Is this a security issue? Many big ecommerce platform companies use this feature. Where if you forgot your password, they e-mail you a temp password.

Could someone potentially figure out the algorithm they use to generate these passwords; also these temp passwords have to be stored somewhere in plain text, correct?

4 Answers 4


Anything you send by email is potentially spied upon. That's how email security goes (there's none). So sending confidential data by email is an issue. We still do that occasionally, but that's because we have no better choice. But we apply mitigations:

  • The password is "one-time" meaning that if it is intercepted and used, either the real recipient already used it (and then the attacker is thwarted), or the real recipient will notice the problem when trying to use it (and then the attack is at least revealed).

  • The only allowed use of the temporary password is to reach a page or screen allowing the registration of a more permanent password, chosen by the user himself (i.e. a password which did not travel in an email).

  • Such passwords are generated randomly, so that they are individually strong, and it is not possible to "guess" the next temporary password, even after having observed a lot of previous passwords.

There is no need to store passwords in plain text anywhere, be they temporary or permanent. What the server must store is something which allows verifying a given password, i.e. a password hash.

Temporary-passwords-by-email are also often called "password reset links". That's the same functionality, only with an extra https:// so that the temporary password may be "typed" with a mouse click.


You are correct that this is not strictly speaking secure, but it is also the best we can do. The passwords should be one time use and require the user to change their password upon use. So if the user actually requests it, then they will know if someone else uses it before them.

If they didn't request it, unless there is a more secure means of contacting them other than e-mail, e-mail is the only option that is available to reach them.
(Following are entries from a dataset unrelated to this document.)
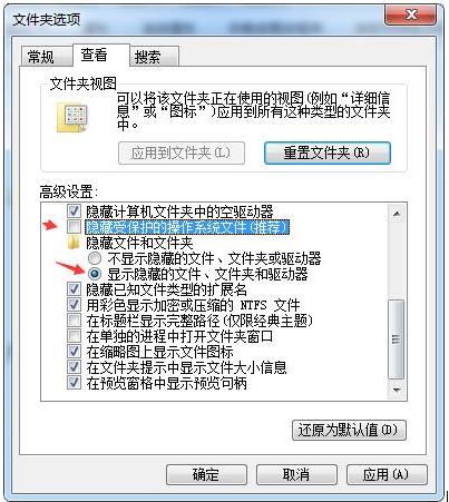 1、首先由于這個(gè)配置文件是隱藏的,我們要先設(shè)置系統(tǒng)顯示隱藏文件和系統(tǒng)文件:如下圖(Win7為例)打開文件夾選項(xiàng),然后取消勾選,隱藏受保護(hù)的操作系統(tǒng)文件,和選擇 顯示隱藏的文件、文件夾和驅(qū)動(dòng)器。具體步驟:win7如何顯示隱藏文件和文件夾?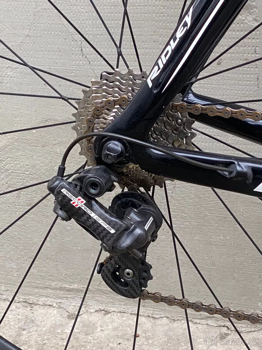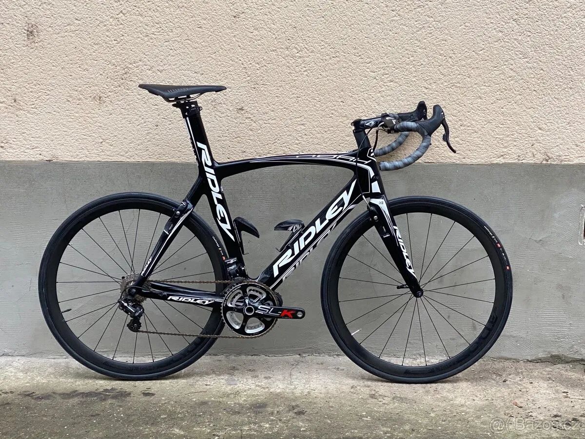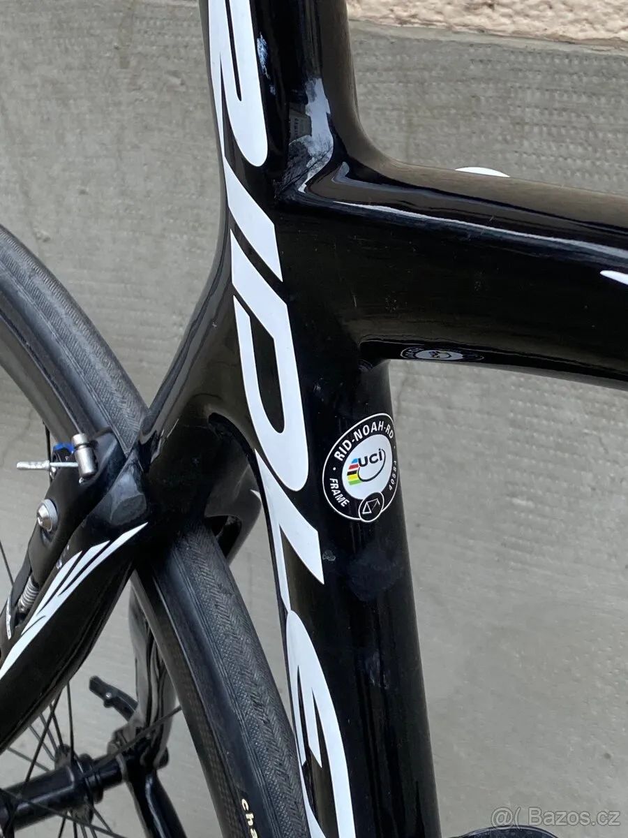 Ridley Noah Fast představuje vrchol silniční produkce belgické značky Ridley, zaměřený na maximální aerodynamiku, tuhost a exkluzivitu. Rám je vyroben z unidirectional karbonu SHM (Super High Modulus), kombinujícího vlákna 50T, 40T a 30T pro dosažení vysoké tuhosti při velmi nízké hmotnosti. Konstrukce zahrnuje kónickou hlavovou trubku, integrovanou sedlovku s kapkovitým profilem, středové složení PF30 a kompletní vnitřní vedení kabeláže Verze Fast se odlišuje plně integrovanými brzdovými čelistmi minimalistického V-brake typu, které jsou plynule zapracovány do tvaru vidlice a zadní stavby. Aerodynamiku dále zlepšují štěrbiny R-Flow na vidlici a sedlových vzpěrách a odtrhové hrany na trubkách rámu, vytvořené zdrsněným lakem, optimalizující obtékání vzduchu. Vývoj probíhal v aerodynamickém tunelu. Osazení kola je ryze prémiové: elektronická sada Campagnolo Record EPS, karbonové kliky s l krátkou PF30 osou určenou na míru přesně tomuto středu. Zánovní Ložiska Rotor. převodníky 50/34 a kazeta 11–28. Zapletená kola Lightbicycle, spojující velmi nízkou hmotnost (1150g) a tuhlst, s karbonovými ráfky jsou obuta do galusek Chellenge Elite 28mm. Kokpit tvoří originální předatavec s integrovaným držákem Garmin, a řídítka 3T Aeronova, která jsou rovněž absolutní špičkou v aero sféře. Brzdný výkon zajišťuje dokonalá kombinace nyní nových špalků LightBicycle a lightbicycle ráfků. Celková hmotnost kola činí 7.2kg bez pedálů, což je mimořádná hodnota vzhledem k aerodynamickému zaměření tohoto modelu. Kolo je postaveno oproti “tovární stavbě” s důrazem na detail a například optimalizováno, tak, že je kabel eps a bowden brzdového lanka sloučen do smršťovací bužírky například tím, že jsou Non-drive side špice zadního kola v křížení provázány karbonem, pro vyšší tuhost. Velikost L, vhodné od cca 178cm aktuálně nastaveno na 191cm (což považuji za absolutní horní limit) výška sedla: osa pedálu - vrch sedla je cca 99cm, lze ještě o zhruba 15mm zvýšit. Snížit jej lze samozřejmě libovolně)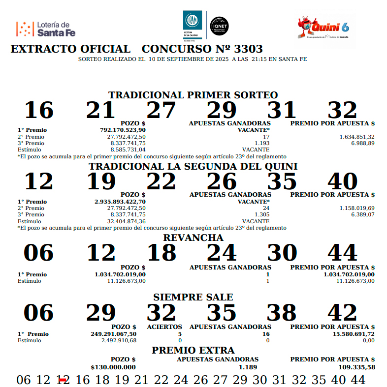 Este miércoles se sorteó el concurso N° 3.303 del Quini 6, de la Lotería de Santa Fe.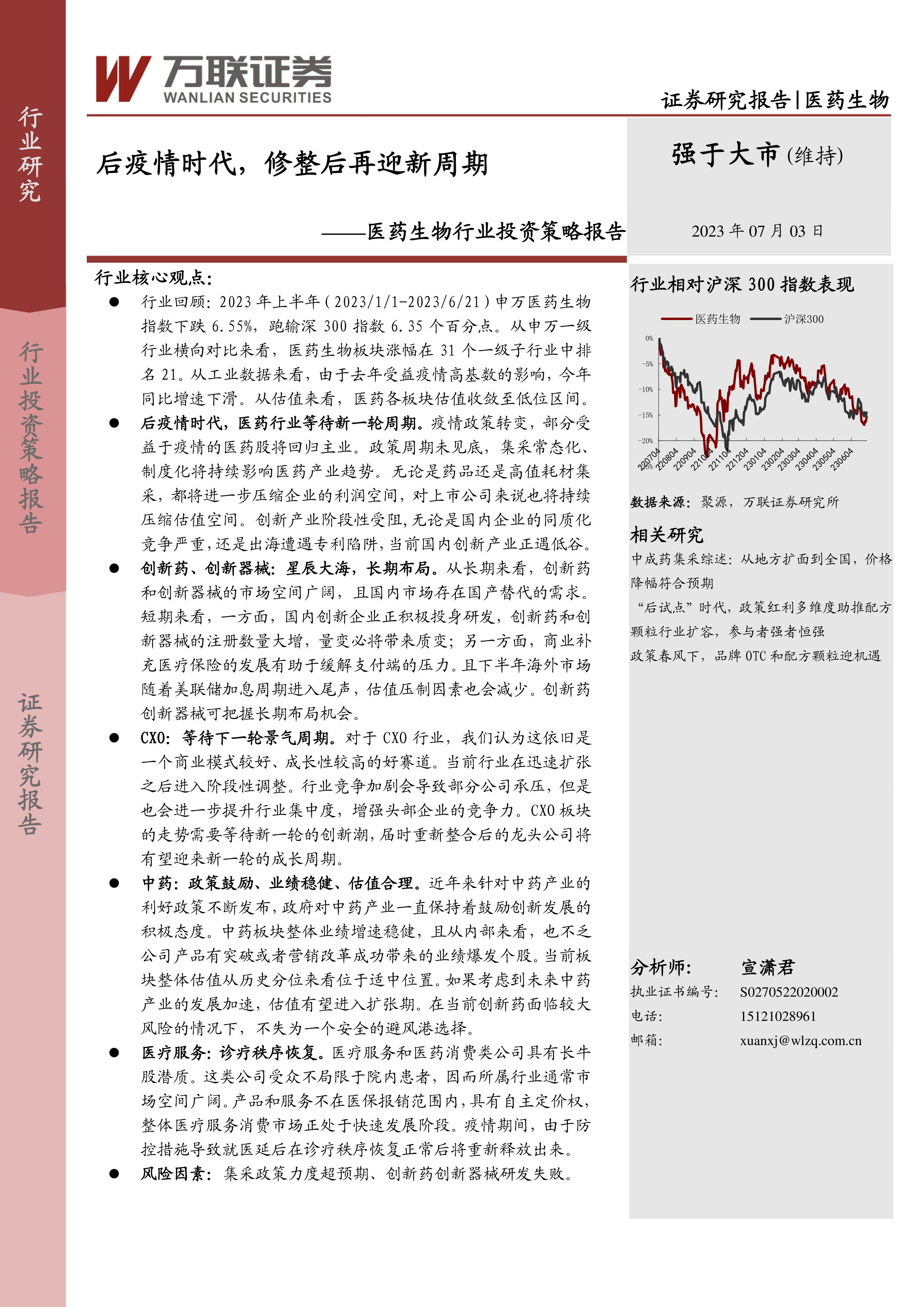 医药生物行业投资策略报告:后疫情时代,修整后再迎新周期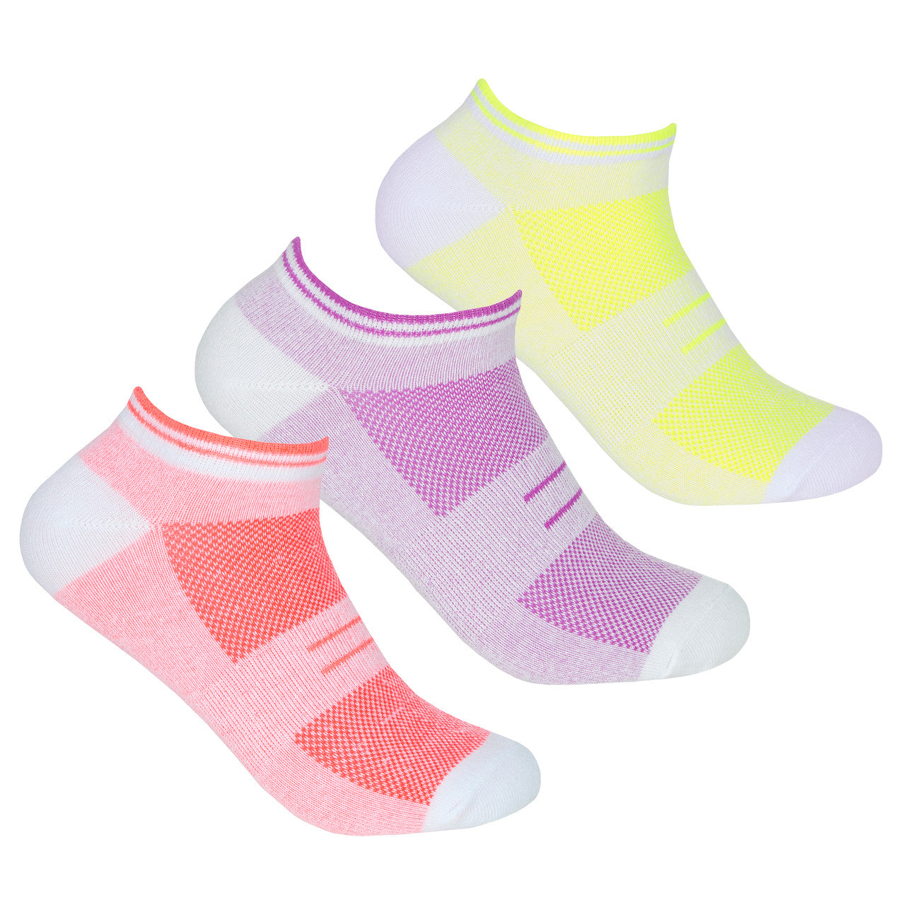 Womens Sport Trainer Liners Neon Assorted Low Cut 3 Pairs

It is possible the e-mail could be intercepted and they wouldn't know that an attacker requested the change, but the next time they went to login, they would be unable to and discover the breach that way.

It isn't ideal, but it's the best option available most of the time.


Could someone potentially figure out the algorithm they use to generate these passwords?

That depends. My approach would be to simply generate human-readable output from /dev/urandom, in which case this is not likely?

also these temp passwords have to be stored somewhere in plain text, correct?

Actually, no. If the site in question uses secure password storage schemes, i.e. salted slow hashes such as bcrypt or PBKDF2, what they need to do is store the derived hash of the password. In essence, it's the same as if you had instructed the server to change your password, except done on your behalf by the server.

The window for keeping that password in memory is therefore as long as it takes to generate it, send it in an email, hash it and store it.

Now, the real meat of the question is really is this a secure way to send somebody a password? The answer to that is not really, but the alternatives are:

The second option is likely prohibitive. The latter is not good password storage. The first option is "as bad" in the sense that all you need to hijack the account is access to that email.

I think, combined with a time-limited use window for this password reset, at present this is the best solution that is possible for general use websites that don't have the infrastructure to support other methods of password reset.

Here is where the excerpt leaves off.